A cabelereira Lydyany Furbino Palladino, 38, perdeu uma das pernas no ano passado após sofrer uma trombose. Ela conta que começou a tomar o anticoncepcional com 16 anos e a fumar aos 17 anos. “Eu sempre fumei e sempre comprei o anticoncepcional com prescrição médica, mas o médico nunca me perguntou se eu fumava, nem se eu tinha histórico de trombose e hipertensão na família. A minha mãe é hipertensa”, conta.
Lydyany mora em Coronel Fabriciano, no interior de Minas Gerais, mas estava em São Paulo no dia 20 de abril do ano passado quando começou a sentir fortes dores no pé. “Fui ao hospital e já fiquei internada. Tive uma trombose e acabei perdendo a perna. Isso mudou a minha vida, estou afastada do trabalho, tomo antidepressivo e vou ter que tomar anticoagulantes a vida inteira. Foi um baque para a minha filha de cinco anos, que fica me perguntando se eu vou viver assim a vida inteira”, desabafou.
Orientação da Anvisa
Um informe publicado em dezembro de 2014 pela Anvisa reforçou a determinação da OMS de que é responsabilidade do profissional de saúde informar sobre e avaliar os riscos associados ao uso de contraceptivos orais.

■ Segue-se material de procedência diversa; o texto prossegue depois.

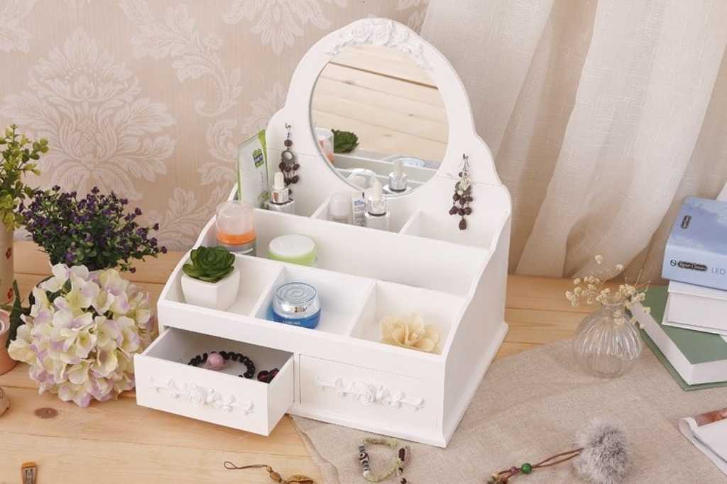 Главное назначение и преимущество комодика состоит в наличии большого числа открытых и закрытых полок, ящичков, отсеков и добавочных компонентов, на которых можно правильно и плотно расположить украшения, средства для ухода и декоративную косметику.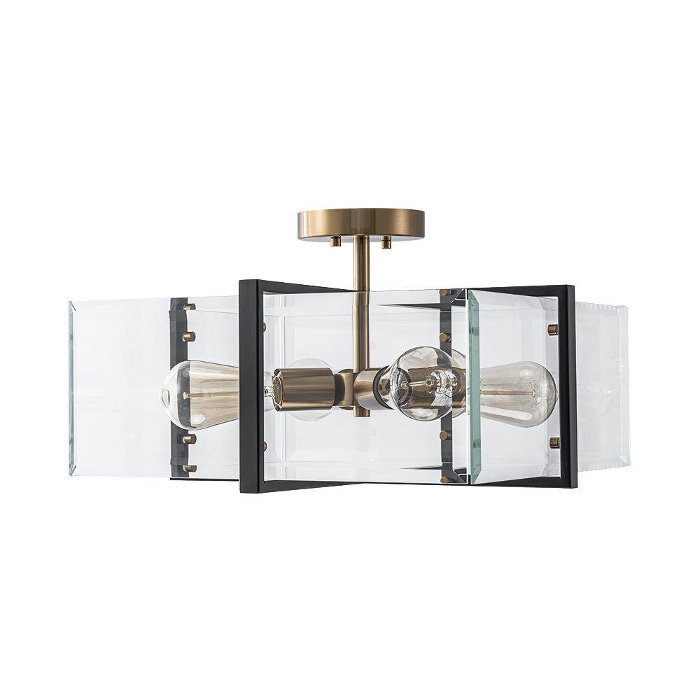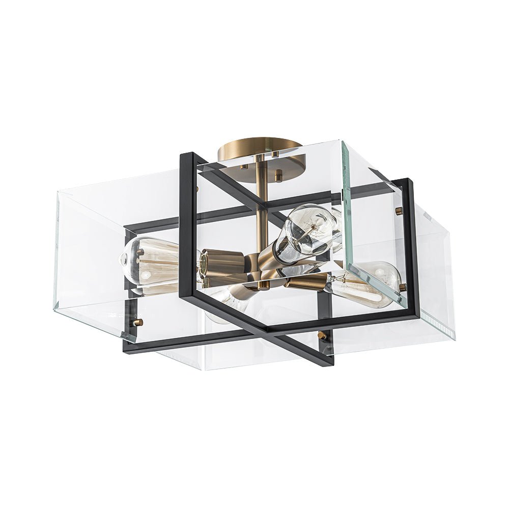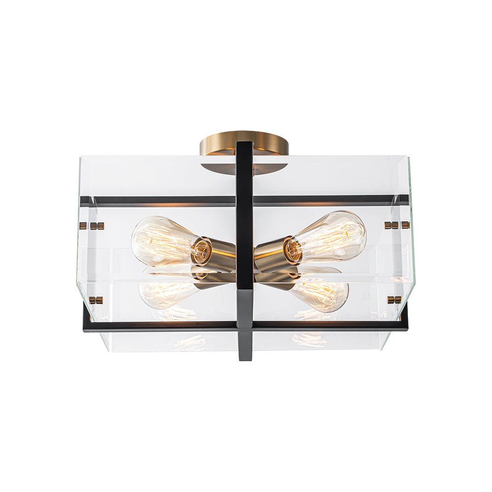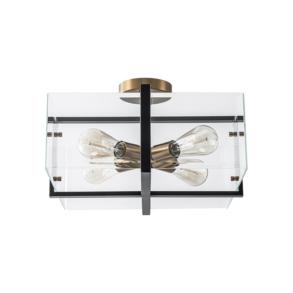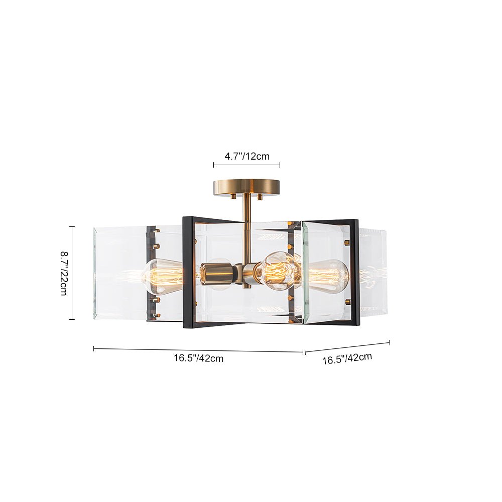 Introducing our 4-light glass semi-flush mount ceiling lightāwhere contemporary simplicity meets farmhouse sophistication. Two matte black rectangular frames form an intersecting design, adorning with four matching clear glass panels that create a minimalist yet edgy square cage. The open design and transparent glass allow four E26 medium-base bulbs (not included) to cast a bright, unobstructed glow, illuminating your space with elegance. Aged brass sockets and base add a pop of color and refinement, enhancing the light's overall appeal. Perfect for elevating any roomāwhether itās a kitchen island, entryway, hallway, dining room, bedroom, bathroom, foyer, office, or living areaāthis 4-light square cage ceiling light combines both style and practicality.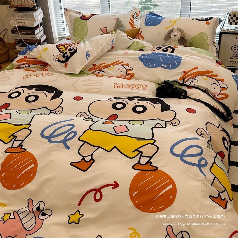 クレヨンしんちゃん かわいいベッドシーツ4点セット 洗える綿キルトカバー 学生寮3点セット 送料無料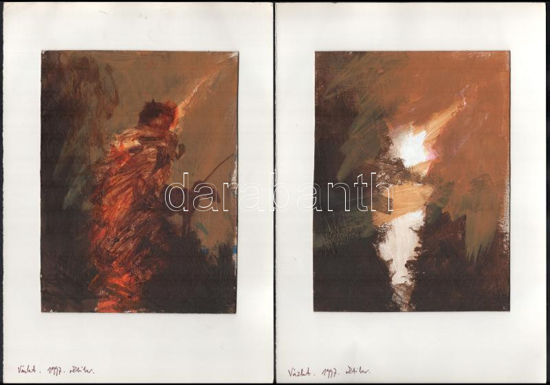 Leírás: Szalay Pál (1953-2015), össz. 3 db mű: Vázlatok, 1997. Olaj, karton, 2 db jelzett, papírlapra kasírozva. 20,5x15,5 cm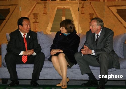 当地时间4月5日晚,北京奥运圣火抵达伦敦,英国奥运大臣泰萨·乔维尔等在机场迎接圣火。图为乔维尔(中)与北京奥组委执行副主席蒋效愚(左)在机场会面,谈及北京奥运会的筹备情况等。中新社发 李鹏 摄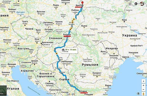 Расскажу на примере из личной практики. Выполнялся перегон по маршруту София — Брест. По расчету, отдых (чисто ночевка) был запланирован в городе Кошице (Словакия):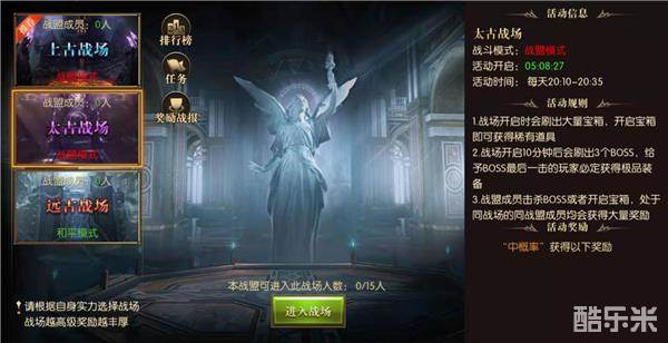 小编觉得游戏里的永恒战场这个玩法最有趣,这种玩法是其他游戏没有的。玩家在永恒战场里不仅是捡宝箱打boss,更是玩家之间的混战夺宝。这种热血的战斗场面想想就激动啊。永恒战场分为三个战场:上古战场、太古战场、远古战场。除了远古战场是和平模式之外,另外两个战场都是战盟模式。游戏中的竞技场的排名是永恒战场的准入条件,竞技场排名越高就能够进入更高级的永恒战场。永恒战场在开启后会刷出3个BOSS以及大量的宝箱,对BOSS造成最后一击的玩家可以获得极品装备。

O documento ressalta ainda as diferenças que existem entre os contraceptivos orais quanto ao risco de ocorrência de eventos tromboembólicos, afirmando que eles dependem do tipo de progestágeno contido na formulação. Os dados disponíveis atualmente indicam que contraceptivos orais combinados contendo levonorgestrel, noretisterona ou norgestimato apresentam o menor risco de eventos tromboembólicos venosos.
O documento alerta ainda que “mulheres que não possuem histórico familiar ou individual de eventos tromboembólicos venosos podem vir a apresentá-los após a utilização do medicamento”.